[Data entries]
····················
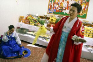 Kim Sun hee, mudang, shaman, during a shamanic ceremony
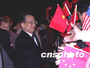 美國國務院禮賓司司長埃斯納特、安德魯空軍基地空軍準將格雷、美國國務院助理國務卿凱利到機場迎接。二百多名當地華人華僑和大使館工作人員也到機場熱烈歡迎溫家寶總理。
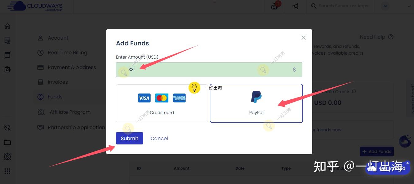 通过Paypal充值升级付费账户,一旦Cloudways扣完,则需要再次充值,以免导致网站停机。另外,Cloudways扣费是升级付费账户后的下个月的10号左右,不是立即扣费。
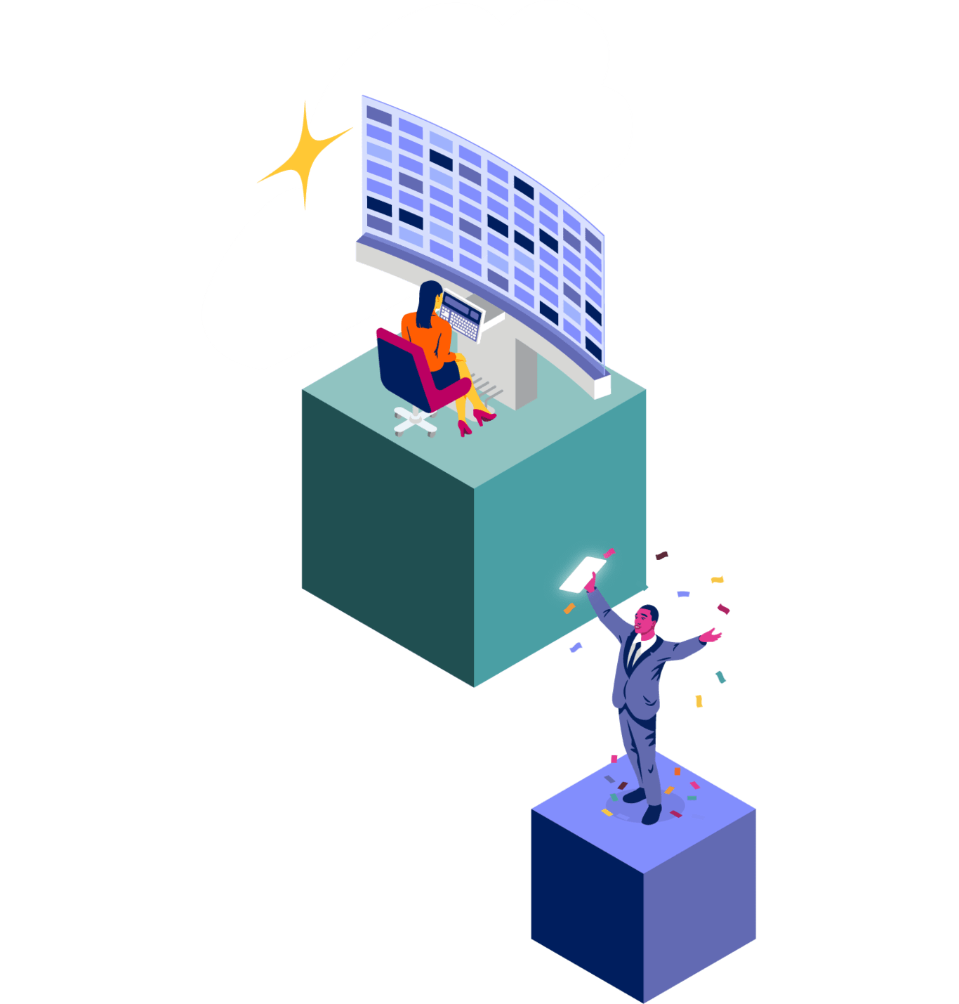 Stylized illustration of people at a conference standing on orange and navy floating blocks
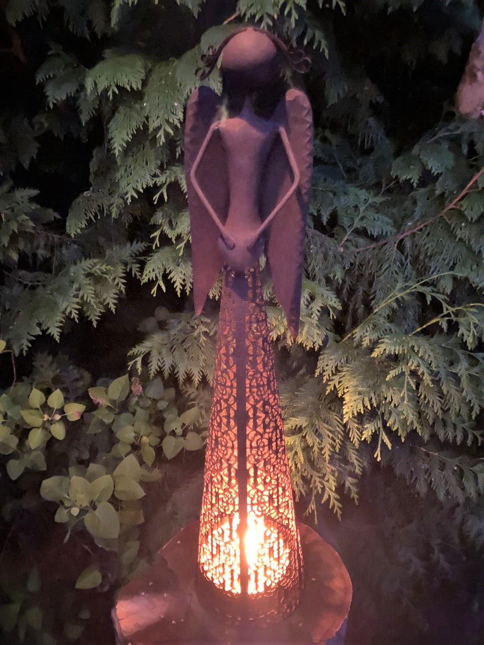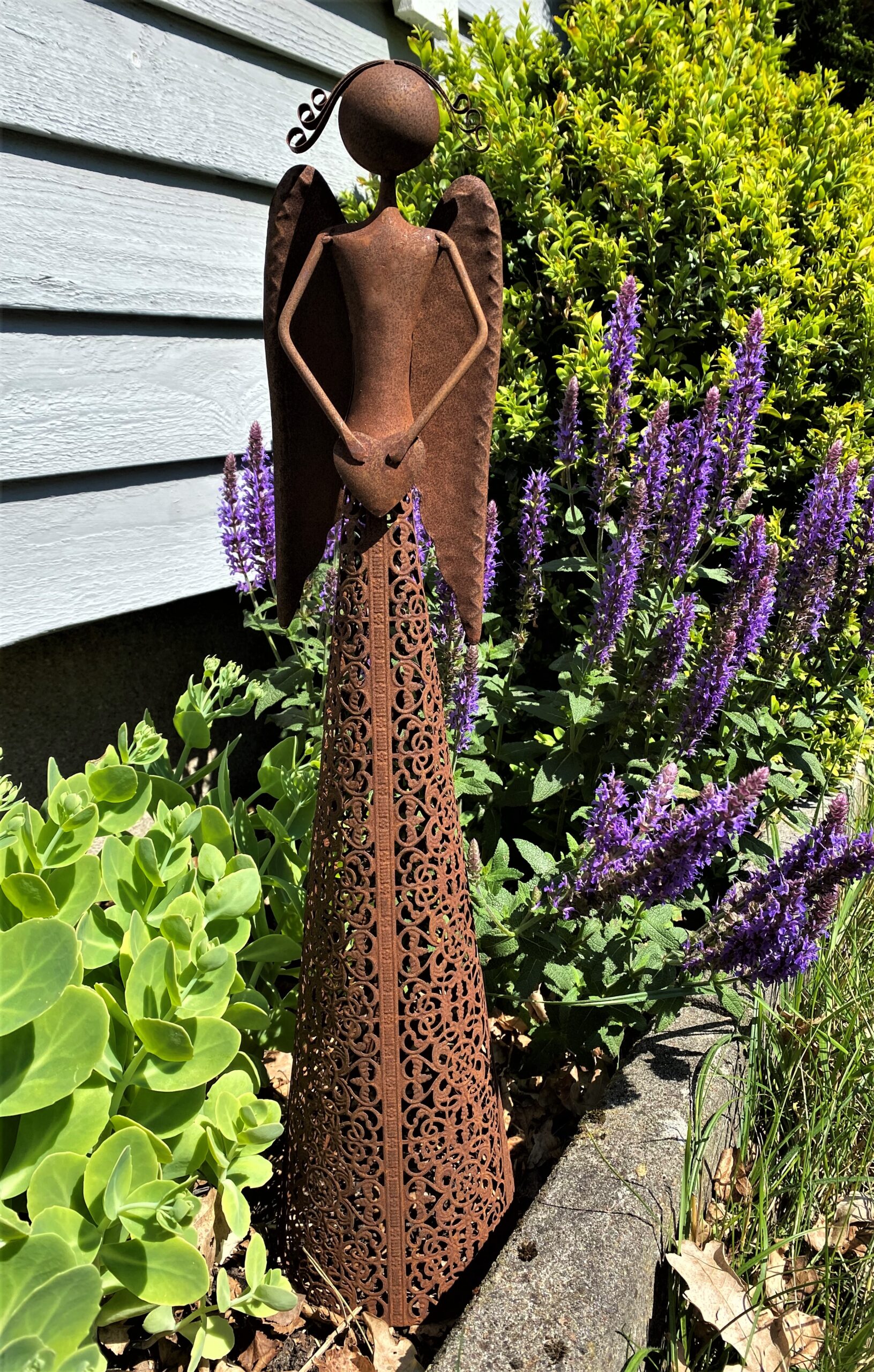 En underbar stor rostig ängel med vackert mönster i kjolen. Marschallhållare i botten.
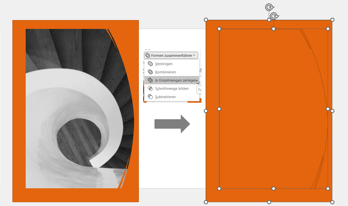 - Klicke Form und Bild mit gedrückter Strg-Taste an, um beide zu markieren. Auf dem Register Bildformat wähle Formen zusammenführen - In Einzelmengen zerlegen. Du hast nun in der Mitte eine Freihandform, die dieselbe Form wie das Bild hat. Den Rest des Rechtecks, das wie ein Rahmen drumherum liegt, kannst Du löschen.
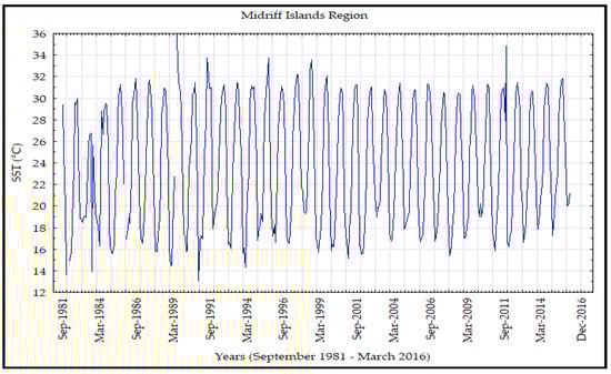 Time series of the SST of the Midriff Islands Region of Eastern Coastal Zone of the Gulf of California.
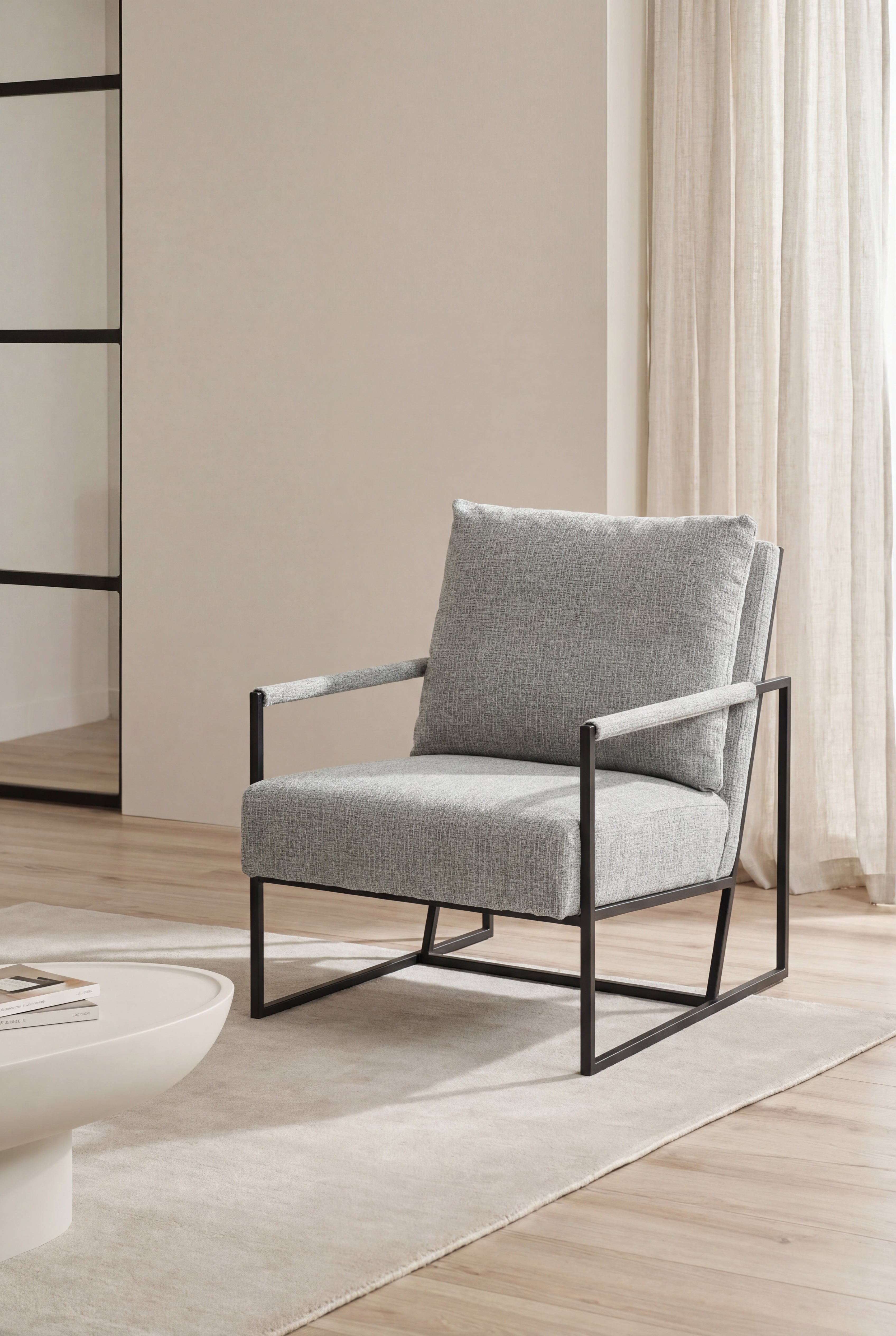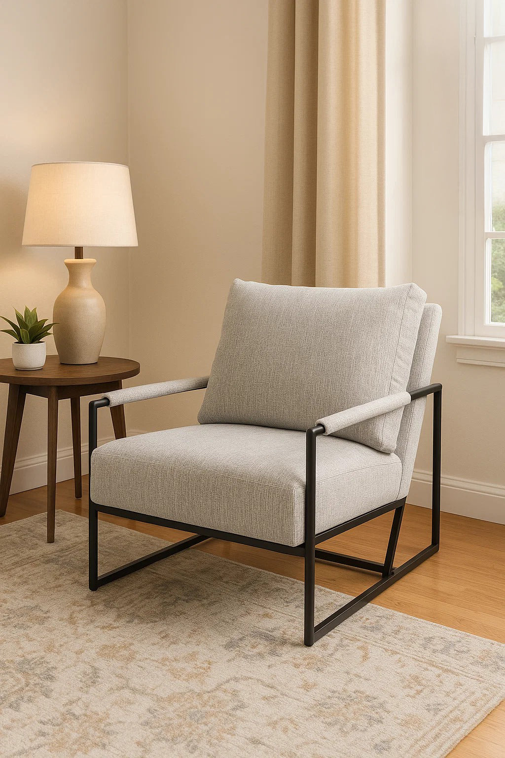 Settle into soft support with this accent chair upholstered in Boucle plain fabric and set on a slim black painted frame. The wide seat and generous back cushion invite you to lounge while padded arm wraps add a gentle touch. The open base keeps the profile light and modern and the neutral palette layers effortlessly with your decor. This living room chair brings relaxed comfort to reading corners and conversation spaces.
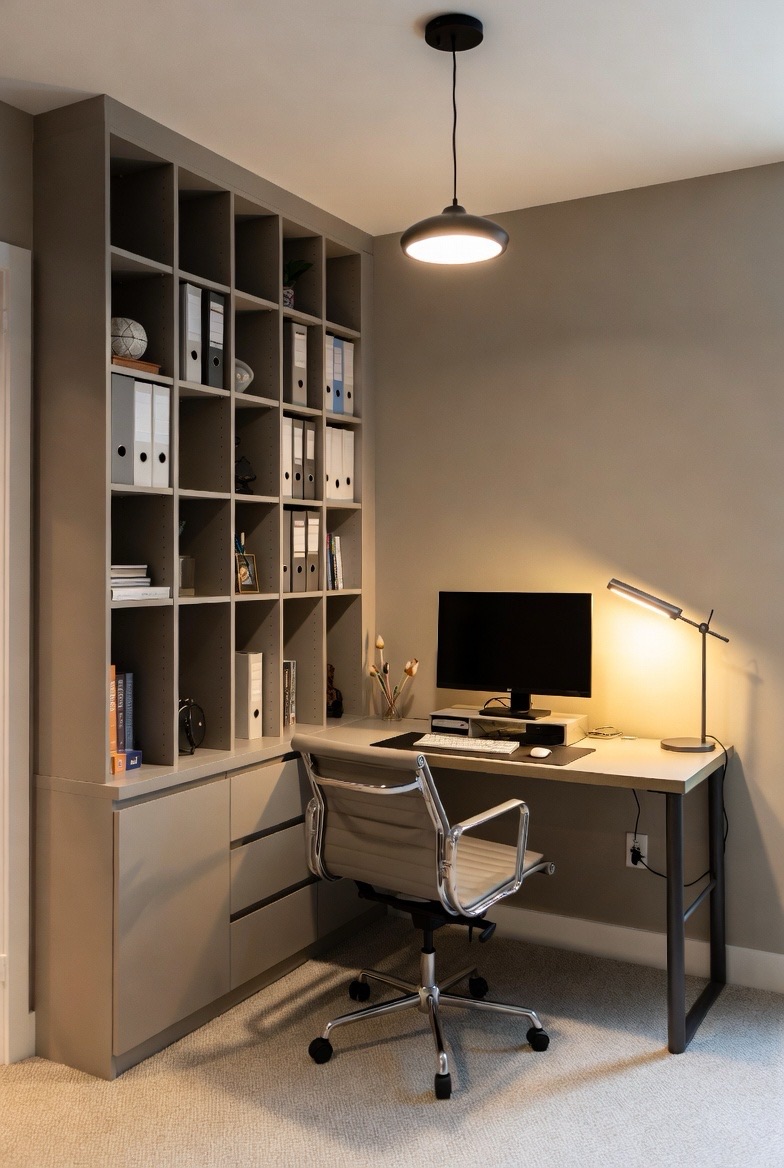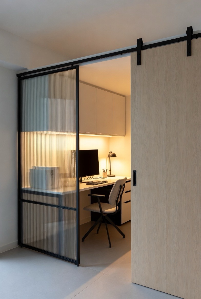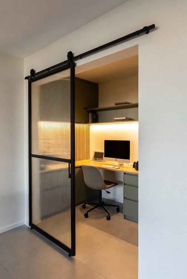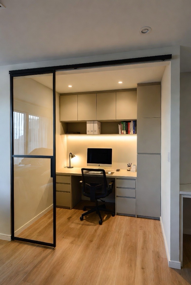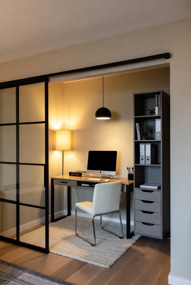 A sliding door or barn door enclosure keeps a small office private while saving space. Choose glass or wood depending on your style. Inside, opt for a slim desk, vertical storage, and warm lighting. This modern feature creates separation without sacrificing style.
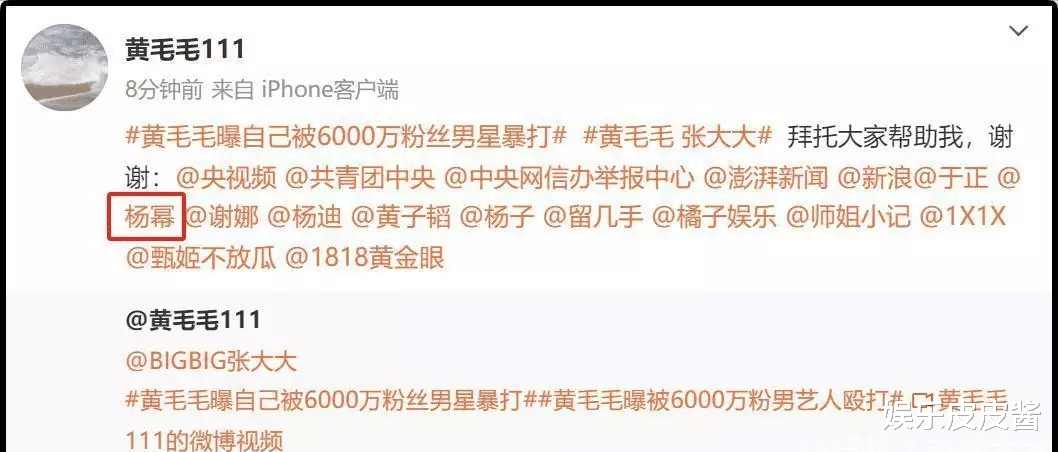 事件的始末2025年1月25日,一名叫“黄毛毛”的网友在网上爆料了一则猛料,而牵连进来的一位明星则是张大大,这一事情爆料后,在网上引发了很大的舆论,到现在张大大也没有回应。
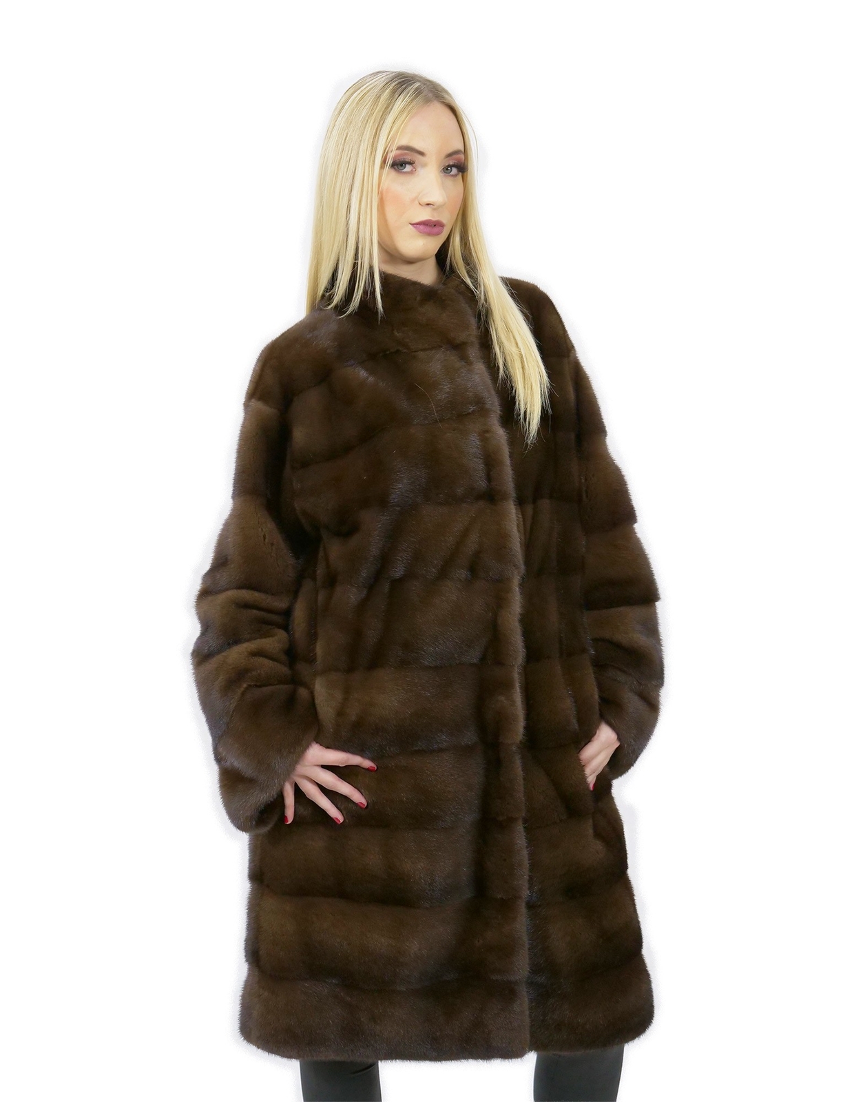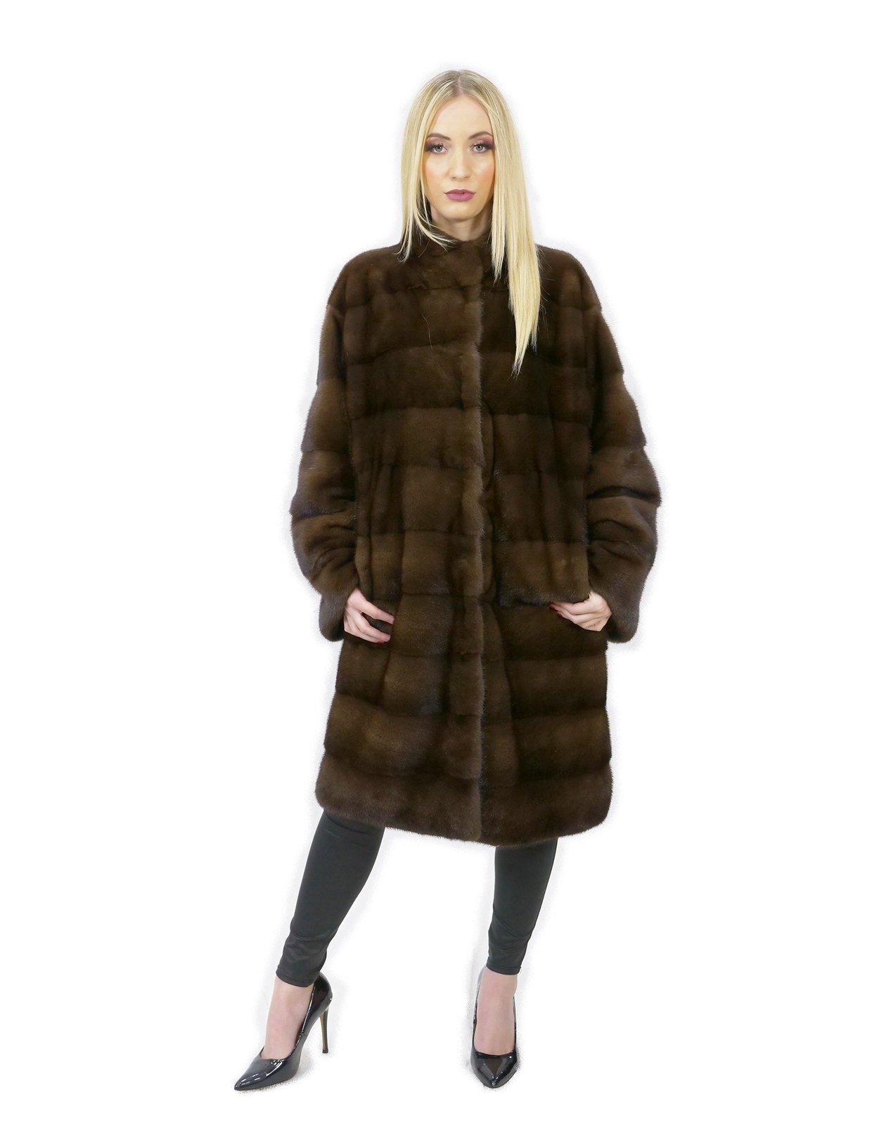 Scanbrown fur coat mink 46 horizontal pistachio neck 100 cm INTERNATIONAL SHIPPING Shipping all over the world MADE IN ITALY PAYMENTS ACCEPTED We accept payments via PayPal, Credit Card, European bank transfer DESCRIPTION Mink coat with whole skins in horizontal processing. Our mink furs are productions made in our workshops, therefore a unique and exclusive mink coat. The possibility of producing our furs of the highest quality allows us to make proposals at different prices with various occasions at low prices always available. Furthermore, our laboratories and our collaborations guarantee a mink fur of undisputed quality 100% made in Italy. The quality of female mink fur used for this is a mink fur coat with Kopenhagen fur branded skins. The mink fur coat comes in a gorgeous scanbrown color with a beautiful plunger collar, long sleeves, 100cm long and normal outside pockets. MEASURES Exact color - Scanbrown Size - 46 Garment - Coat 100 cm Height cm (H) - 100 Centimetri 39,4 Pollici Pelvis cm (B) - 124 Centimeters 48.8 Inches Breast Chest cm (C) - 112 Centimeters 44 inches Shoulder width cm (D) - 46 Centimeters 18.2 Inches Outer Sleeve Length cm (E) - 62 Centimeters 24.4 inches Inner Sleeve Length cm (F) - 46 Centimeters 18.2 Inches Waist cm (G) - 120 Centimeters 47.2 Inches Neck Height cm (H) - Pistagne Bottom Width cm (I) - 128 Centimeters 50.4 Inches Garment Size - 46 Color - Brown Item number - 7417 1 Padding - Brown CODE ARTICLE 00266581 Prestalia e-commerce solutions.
····················
Up to and including the line with "事件的始末2025年1月25", repeat every line from the top of the entries exactly, but not the pictures.

 Kim Sun hee, mudang, shaman, during a shamanic ceremony
 美國國務院禮賓司司長埃斯納特、安德魯空軍基地空軍準將格雷、美國國務院助理國務卿凱利到機場迎接。二百多名當地華人華僑和大使館工作人員也到機場熱烈歡迎溫家寶總理。
 通过Paypal充值升级付费账户,一旦Cloudways扣完,则需要再次充值,以免导致网站停机。另外,Cloudways扣费是升级付费账户后的下个月的10号左右,不是立即扣费。
 Stylized illustration of people at a conference standing on orange and navy floating blocks
 En underbar stor rostig ängel med vackert mönster i kjolen. Marschallhållare i botten.
 - Klicke Form und Bild mit gedrückter Strg-Taste an, um beide zu markieren. Auf dem Register Bildformat wähle Formen zusammenführen - In Einzelmengen zerlegen. Du hast nun in der Mitte eine Freihandform, die dieselbe Form wie das Bild hat. Den Rest des Rechtecks, das wie ein Rahmen drumherum liegt, kannst Du löschen.
 Time series of the SST of the Midriff Islands Region of Eastern Coastal Zone of the Gulf of California.
 Settle into soft support with this accent chair upholstered in Boucle plain fabric and set on a slim black painted frame. The wide seat and generous back cushion invite you to lounge while padded arm wraps add a gentle touch. The open base keeps the profile light and modern and the neutral palette layers effortlessly with your decor. This living room chair brings relaxed comfort to reading corners and conversation spaces.
 A sliding door or barn door enclosure keeps a small office private while saving space. Choose glass or wood depending on your style. Inside, opt for a slim desk, vertical storage, and warm lighting. This modern feature creates separation without sacrificing style.
 事件的始末2025年1月25日,一名叫“黄毛毛”的网友在网上爆料了一则猛料,而牵连进来的一位明星则是张大大,这一事情爆料后,在网上引发了很大的舆论,到现在张大大也没有回应。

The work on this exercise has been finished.